The data:

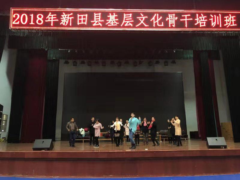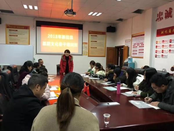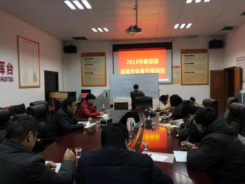 2018年12月26日上午,新田县基层文化骨干培训班在县文化馆正式开班,这次培训的学员是来自全县各乡镇的文化辅导员、社区和贫困村的文艺骨干。培训课程时间为12月26日至28日。培训课程有音乐类乐理知识、舞蹈剧目编排、非遗保护和传承、公共文化服务保障等内容。
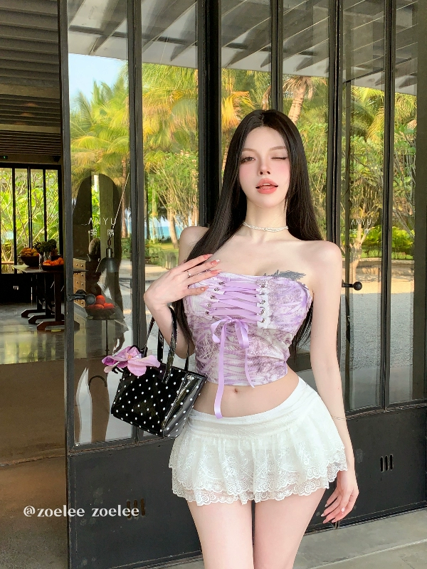 الجزء العلوي ذو الأربطة الأرجوانية مثير يمكن ارتداؤه خارج الجزء العلوي من الأنبوب
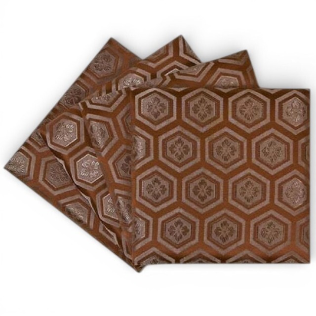 テーブルの脚に敷いて床や畳を守るおしゃれな脚敷です。 伝統の亀甲柄。 木彫りなど置物の台としても最適です。 サイズ:15x15cm カラー:茶 張地:ポリエステル・レーヨン 主材:ベニヤ板・ウレタン・フエルト ※展示現品

Your goal: A verbatim copy of the material, pictures excluded, is what must be produced.

Solution to the exercise:
 2018年12月26日上午,新田县基层文化骨干培训班在县文化馆正式开班,这次培训的学员是来自全县各乡镇的文化辅导员、社区和贫困村的文艺骨干。培训课程时间为12月26日至28日。培训课程有音乐类乐理知识、舞蹈剧目编排、非遗保护和传承、公共文化服务保障等内容。
 الجزء العلوي ذو الأربطة الأرجوانية مثير يمكن ارتداؤه خارج الجزء العلوي من الأنبوب
 テーブルの脚に敷いて床や畳を守るおしゃれな脚敷です。 伝統の亀甲柄。 木彫りなど置物の台としても最適です。 サイズ:15x15cm カラー:茶 張地:ポリエステル・レーヨン 主材:ベニヤ板・ウレタン・フエルト ※展示現品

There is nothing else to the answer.